Payton Zinkon was 3 when her name made headlines around the world. Because of a lab mix-up, she was conceived with sperm from Midwest Sperm Bank
Donor No. 330, who is African-American, instead of Donor No. 380, who is white.
Her story came to light in 2014, when her mother, Jennifer Cramblett, and her partner, Amanda Zinkon, sued the sperm bank under Ohio’s “wrongful birth” statute, arguing that while they loved their daughter dearly, they were ill-equipped to raise a biracial child.
The “wrongful birth” law typically applies when a medical provider fails to provide adequate information or counseling about the risks of having a child with a serious illness.
In her lawsuit, Cramblett — who grew up in an all-white environment — described “numerous challenges and external pressures associated with an unplanned transracial parent-child relationship.”
After the Illinois sperm bank apologized and issued a partial refund, Cramblett’s lawsuit was thrown out by a DuPage County judge in 2016. The Illinois Appellate Court upheld that decision in June 2017.
Midwest Sperm Bank declined to comment on the case. The company sent Cramblett a refund check for the six vials of sperm she had purchased and a letter of apology in 2011, while Cramblett was still pregnant with Payton.
Now 6, Payton is by all accounts adored by her family. She is unaware of the controversy, and her family hopes to shield her from it for as long as possible.
Cramblett said she is disheartened that stories about the case have focused on race rather than the fertility industry’s failures.
“All I wanted was accountability,” she said. “They made a mistake and refused to acknowledge their mistake.”
The prosecution of
Cline, the Indiana fertility doctor, is one in a string of recent scandals involving doctors using their own sperm to father children with their patients.
Ballard, an emergency medical worker, first came to suspect Cline was her biological father in 2015 after she took a mail-away test and found that some of his relatives were her relatives too. She took her concerns to a few halfsiblings she had met online.
Cline’s attorney declined to comment on the case.
Along with several halfsiblings, Ballard has since
Jennifer Cramblett
filed complaints with the Marion County prosecutor and the Indiana attorney general.

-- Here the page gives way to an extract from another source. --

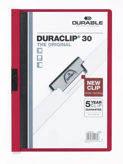 Skoroszyt z Klipem A4 PVC Duraclip 30 Kartek Czerwony /Durable 220003
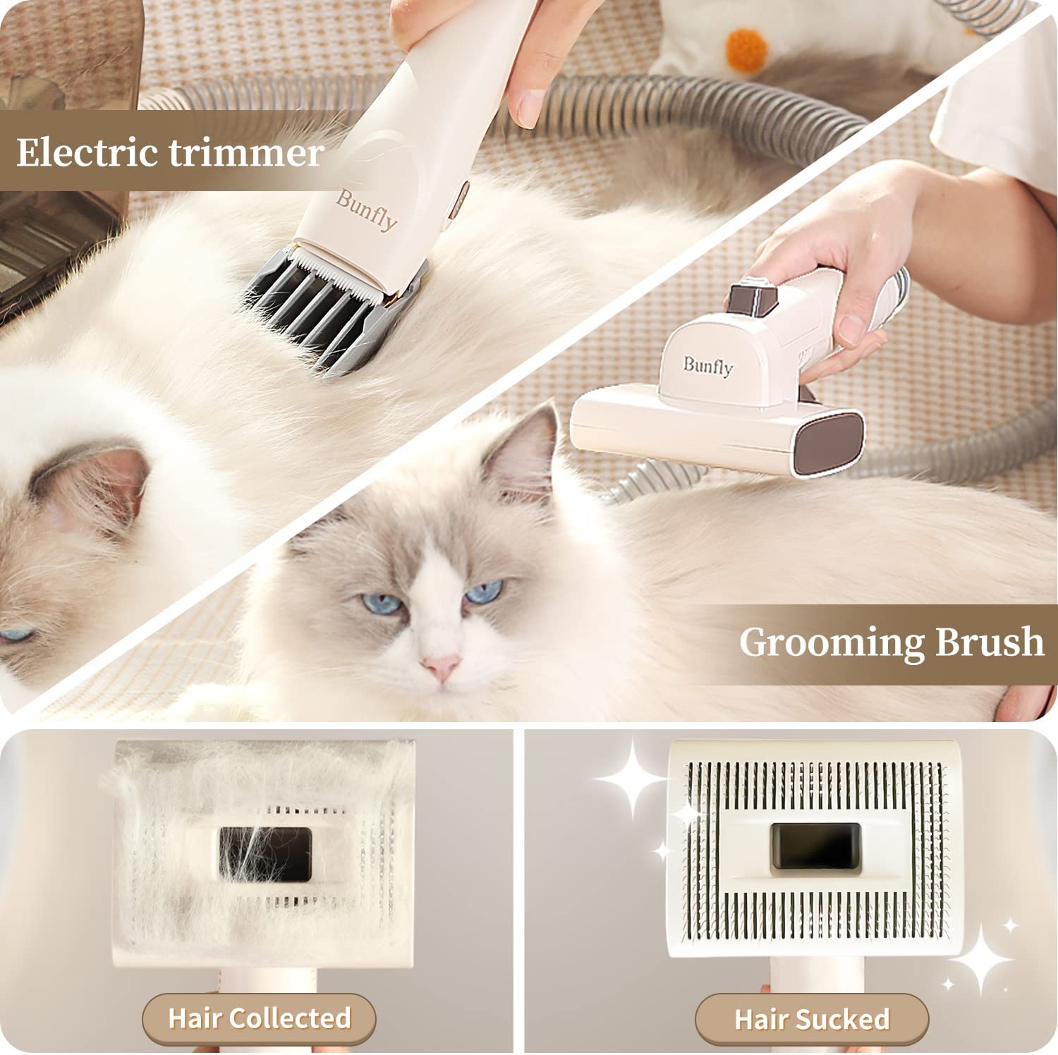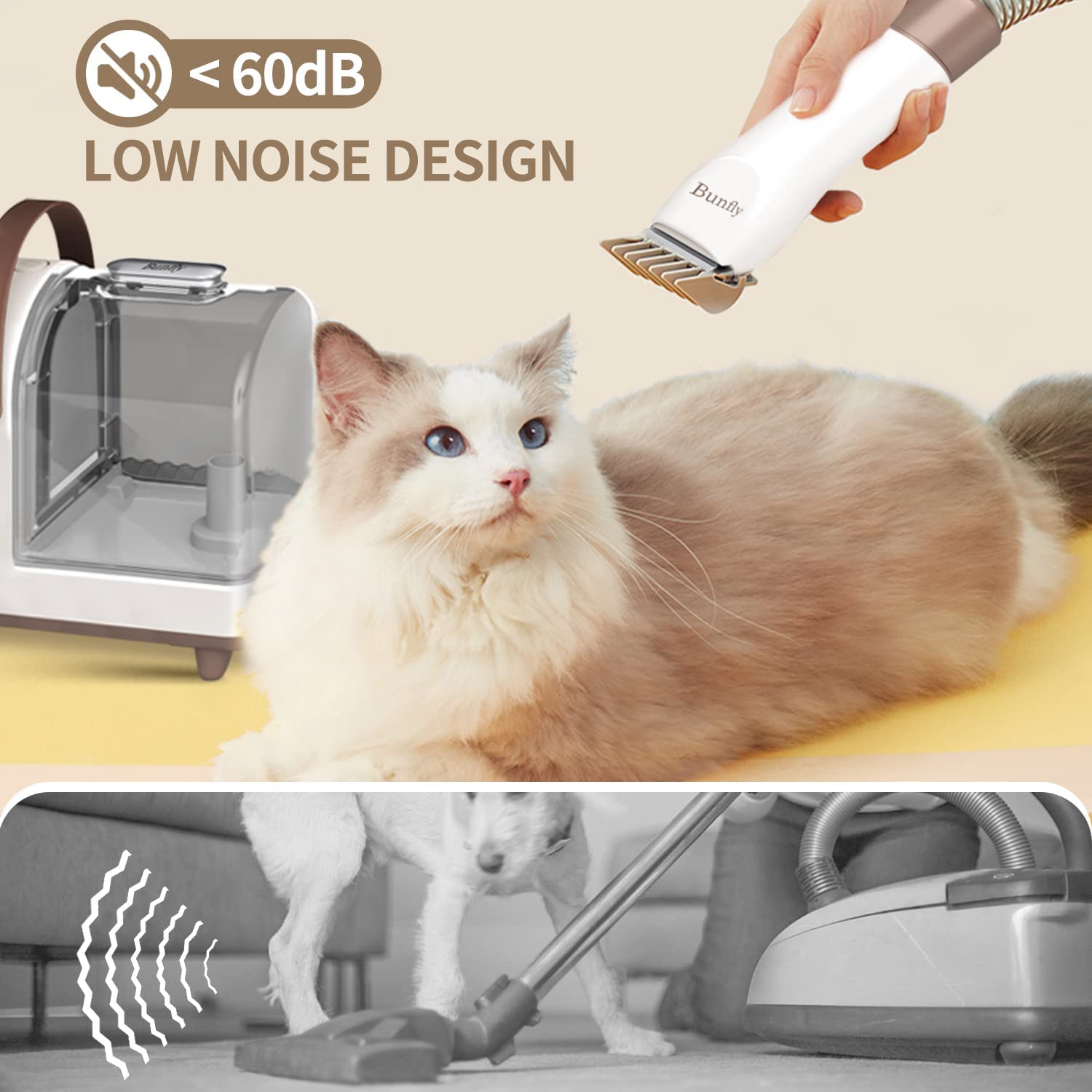 【Low Noise Technology】Bunfly adopts the latest noise reduction technology, the noise is only 65dBA, effectively protecting pets' sensitive hearing. Novice pets can adapt slowly from the first gear.We suggest grooming your pet with our brush before trimming pet hair, treating your pet with little snacks to avoid making your pet nervous because of vacuuming noise, which conclusively makes the grooming experience even more enjoyable.

She has found roughly 50 people born between 1974 and 1987 who believe Cline is their father.
Among them is Matthew White, 35, an environmental consultant who learned he was donor-conceived when he was 15. Growing up, he said, he and his mother would often pass the building where Cline’s clinic was located, and she would tell him how happy she was the day she found out she was pregnant with him.
Because his family, which includes both a mother and a father, always felt complete, White said he never sought out information about his donor. But then, while browsing the Internet in 2016, he spotted a news story about Cline and noticed that an accompanying picture of the doctor looked strikingly like him.
“I was thinking, ‘What is going on? This can’t be true,’ ” he recalled, adding that the discovery left his happy childhood memories marred by a “black scar” of deception.
Together, Ballard, White and other half-siblings lobbied members of the Indiana state Senate to introduce the fertility fraud bill. The measure died in committee earlier this year, but the group is pressing legislators to introduce it again when the legislature convenes in January.
Cline “knew what he was doing,” White said. “It was calculated, and he got away with it. We can’t let this continue to happen again.”
“All I wanted was accountability. ... They refused to acknowledge their mistake.”